# Slideshow Option For Pictures



## ireadbooks (Jan 11, 2011)

I'd like to hook my Fire up to the TV and show a continuous loop of pictures. Can anyone recommend a way to do so? Or suggest a free slideshow app? They all seem to have not-so-good reviews.

Many thanks.


----------



## Ann in Arlington (Oct 27, 2008)

First question is "which Fire do you have?"  The new HDX models do not have HDMI out so a physical hook up isn't possible.  But it's supposed to work with miracast products.  But I don't know if that only works with video. Regardless, I don't know anything about any slide show apps, but I expect someone will be along before long who does.


----------



## Betsy the Quilter (Oct 27, 2008)

What Ann said about the Fire HDX. But you are supposed to be able to "mirror" anything on the screen with a Miracast product; though there is only recommended product on their list so far.

http://www.amazon.com/gp/help/customer/display.html?nodeId=201370390 Mirror Your Screen

From the product page


> NEW-Turn your television into your tablet monitor. With Kindle Fire HDX tablets and select Miracast-enabled accessories and TVs, you can wirelessly mirror your tablet screen, including movies, TV shows, and photos.


Betsy


----------



## ireadbooks (Jan 11, 2011)

Thanks for responding, ladies. I have the 7" HD. I'm too broke to buy budgeting so no HDX for me.

I thought there would be a way to select one of my photo folders and have all of its pics play continuously. But I Googled and couldn't come up with anything.


----------



## Betsy the Quilter (Oct 27, 2008)

There may be; I've never had the HD and though Ann did, it doesn't sound as if she ever used it for that.

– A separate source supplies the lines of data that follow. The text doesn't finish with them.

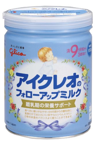 「アイクレオのフォローアップミルク850g」は、満9か月頃から3歳頃までのお子さまのための粉ミルクです。鉄、カルシウム、ビタミンD等の不足しがちな栄養素を豊富に含んでいます。母乳に含まれる乳糖を使用しているため母乳に近いあっさりした甘さで、毎日飲んでも飽きないよう、おいしさにこだわりました。
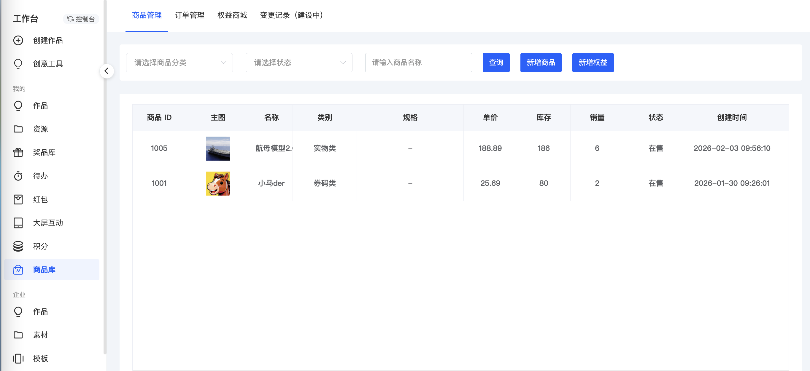点击商品库,添加商品,或者添加活动权益;
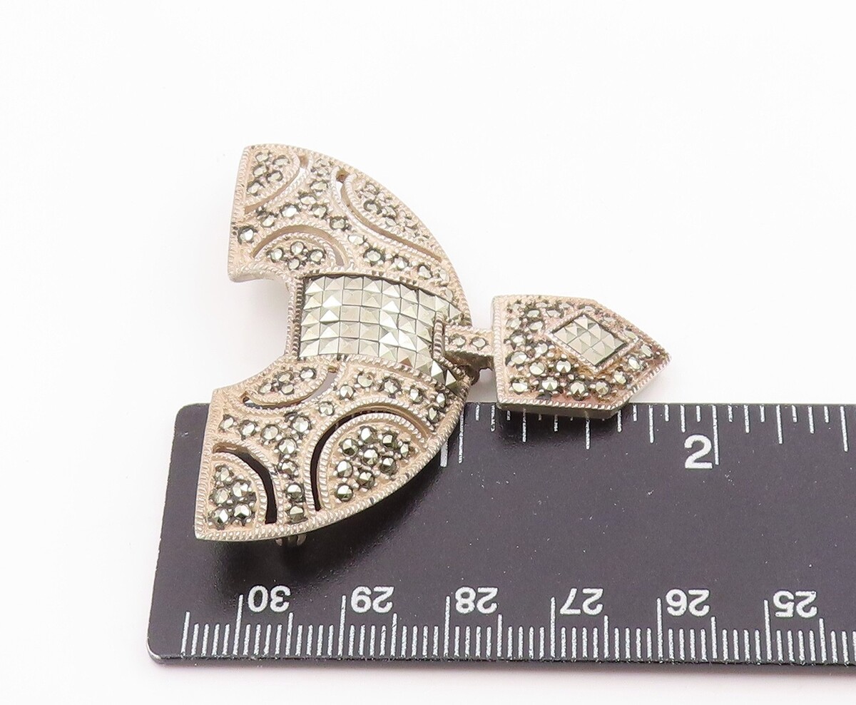 925 Sterling Silver Vintage Brooch Pin JUDITH JACK Marcasite Openwork BP12526
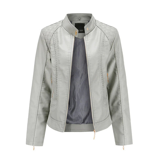 Women's Leather Jacket – Slim Fit – Quilted Shoulders – Stand Collar – Zipper Pockets
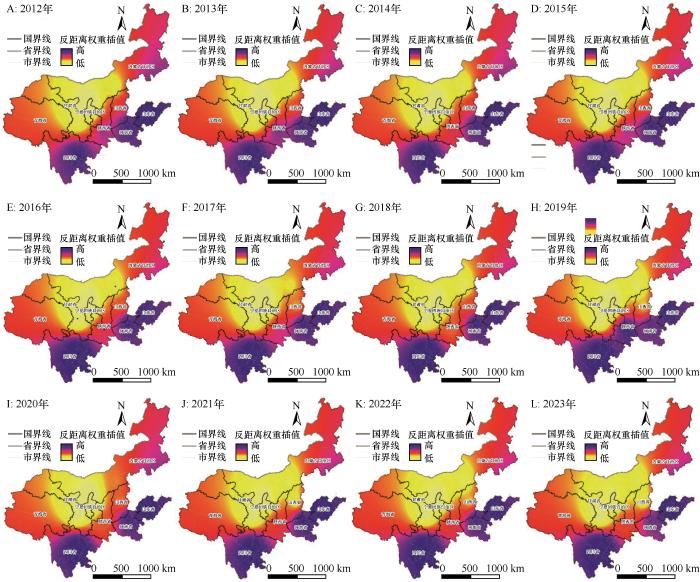 反距离权重插值(IDW )以地理学第一定律为假设,将内插点与样本点之间的距离设为权重参数进行加权平均[28 ] ,能较直观地呈现黄河流域生态旅游差异演化的空间格局。
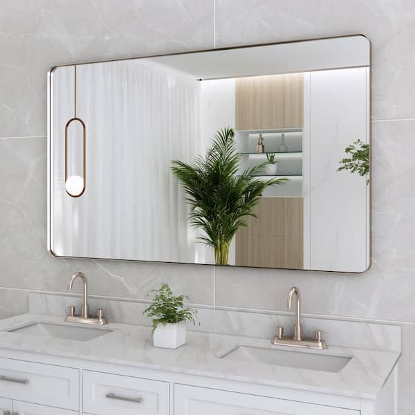 40 in. W x 24 in. H Large Rectangular Framed Wall Mounted Bathroom Vanity Mirror in Brushed Nickel
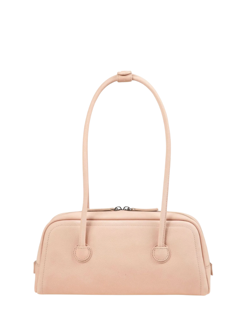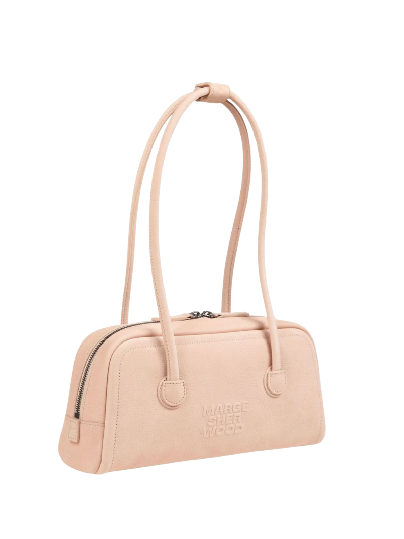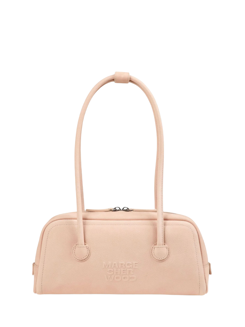 Beige leather shoulder bag with the brand logo embossed on the front and designed in a classic baguette shape. The bag features an interior pocket and a double-zip closure.
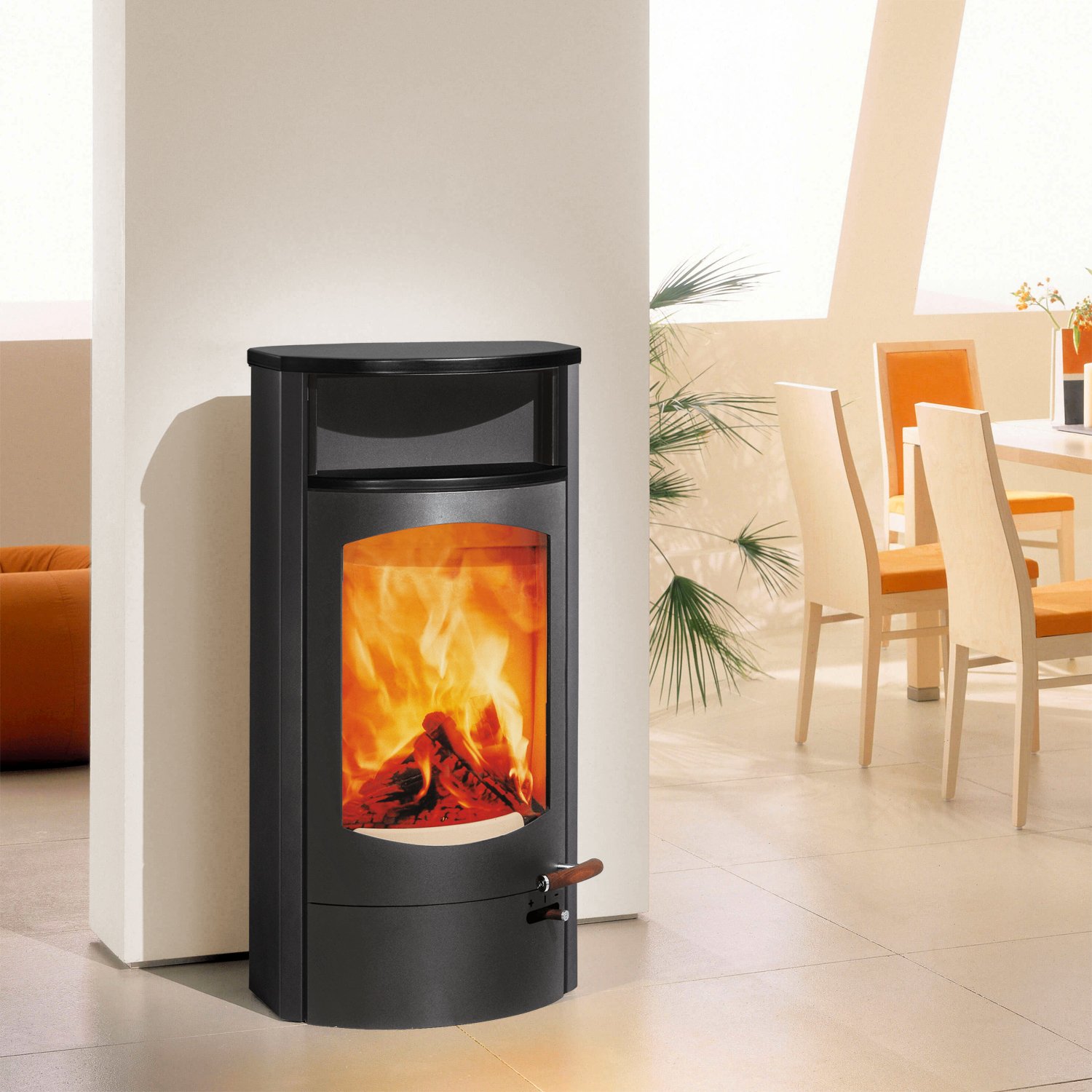 Der Austroflamm Koko 2.0 ist ein moderner Kaminofen mit 6 kW Leistung, der Eleganz und Effizienz vereint. Mit großer Sichtscheibe, Scheibenspülung und Warmhaltefach bietet er höchsten Komfort und ein beeindruckendes Flammenbild. Dank DIBt-Zulassung ist er ideal für raumluftunabhängigen Betrieb – perfekt für moderne Passivhäuser. Der Innenraum aus Keramott sorgt für saubere Verbrennung, 80 % Wirkungsgrad und nachhaltige Wärmeleistung.

There are some slideshow apps in the App Store; some are free. These are ones that are supposed to work on the Fire HD and are three stars and above.

This one is well reviewed but is $0.99...you might try some of the free ones first.
http://www.amazon.com/Developer-QuickPic/dp/B007TY4CV8?tag=kbpst-20

EDIT: I played with the above one^ and it might do what you want. Here's a free, very basic one that also allows slide shows of a single folder.



I think you have to manually change the slides with this one^.

Betsy


----------



## Seamonkey (Dec 2, 2008)

Betsy, you are a real App Goddess!!


----------



## Betsy the Quilter (Oct 27, 2008)

Love me some apps!



Betsy


----------



## Ann in Arlington (Oct 27, 2008)

Yeah, I had the HD. . . in fact still have the HD8.9 -- Betsy, I thought you had that one as well  -- but have never really done much with pictures on it.  I don't recall if the HD7 also has the HDMI out -- I think so.  Hopefully one of the Apps Betsy found will work the way you want it to.


----------



## Betsy the Quilter (Oct 27, 2008)

Ann in Arlington said:


> Yeah, I had the HD. . . in fact still have the HD8.9 -- Betsy, I thought you had that one as well  -- but have never really done much with pictures on it. I don't recall if the HD7 also has the HDMI out -- I think so. Hopefully one of the Apps Betsy found will work the way you want it to.


Yeah, I had the 8.9, I was talking about the 7" since that's what IRB has, sorry. I had the original 7", and now have the 7"HDX, but never had the HD version. I knew what I meant.  I traded in the 8.9 towards my new version.

Betsy


----------



## maryjf45 (Apr 24, 2011)

I remember that there was a company that sold a picture frame for the fire, that you could slide the Fire into and use it as an electronic photo display using a slideshow app. But I don't remember any useful details. Good luck!


----------